Spec justification for & # x80; to & # x9F; in UTF-8 documents browser behavior wanted

HTML 4.01 specs about hexadecimal symbolic links

In numeric symbolic links, the position of the character code in the character set of the document is indicated.

So, if the document character set encoding is UTF-8, numeric references must indicate a Unicode code point.

HTML5 specification for hexadecimal character references

The ampersand should be followed by the character U + 0023 NUMBER SIGN (#), followed by either the U + 0078 LATIN SMALL LETTER X character (x) or the character U + 0058 LATIN CAPITAL LETTER X (X), which should then be followed by one or more digits in the range U + 0030 DIGIT ZERO (0) - U + 0039 DIGIT NINE (9), U + 0061 LATIN SMALL LETTER A to U + 0066 LATIN SMALL LETTER F and U + 0041 LATIN CAPITAL LETTER A to U + 0046 LATIN CAPITAL A LETTER F representing an integer of sixteen which corresponds to a Unicode code point, which is permitted as defined below. Then the numbers must be followed by U + 003B SEMICOLON symbol (;).

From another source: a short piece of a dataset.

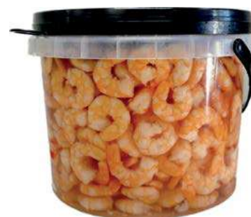
MAR500 MAZZANCOLLE SECCHI X 1,5 KG SGOCC.

The document character set is not mentioned, and it just says that the numeric value identifies the Unicode code point.

But it seems that all the modern browsers (I haven't tested older ones) treat & # x80; through & # x9F; as if they were referencing Windows-1252

For example, & # x80; displays , but U + 0080 isn't the code point for , U + 20AC is. And the Unicode code point for U + 0080 is defined as PAD

& # x20AC; also (correctly) displays .

Is this just the pragmatic behavior of browsers, or is there an excuse for the spec I'm missing?

[Note that decimal references have the same behavior. I just used hexadecimal for clarity and consistency.]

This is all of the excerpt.